Two things are settled. First, the ring's CRT channels make a remarkably compact, exact feature representation. Second, training a substrate built from independent lookup tables hits a coordination barrier -- and that barrier is not a wall, but a property of the representation that parameter-sharing plus a gradient dissolves.
Each CRT channel reduces a ring element to its residue modulo one prime power. Multiplying a residue by a unit is a bijection inside that channel: every residue maps to a distinct residue, so no information is lost. Because the channels are coprime, they are genuinely independent views of the same element.

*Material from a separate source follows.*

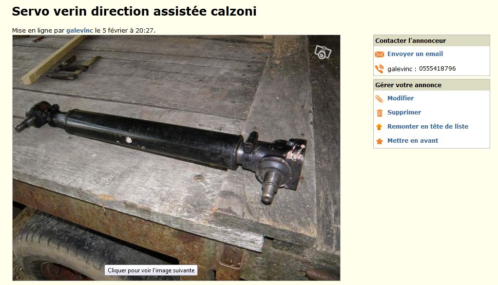 je lance aussi une info ici , car j ai trouvé mon verin calzoni dernierement sur une annonce de pièce detaché de SOVAM , c est des camion pour faire les marché qui on des fois une mecanique de saviem SB2 avec moteur man 712/720

Representing structure is one thing; LEARNING it from data is another. When the substrate is stored as a lookup TABLE with independent entries, training meets a coordination barrier. Some tasks -- copying the first token of a sequence to the output, for instance -- require many table entries to be correct at the SAME TIME. A local search that changes one entry at a time cannot reach such a solution: each single change is corrected away by the still-wrong remainder. Coordinate descent, random initialization, and directed evolution all stall near chance on these tasks.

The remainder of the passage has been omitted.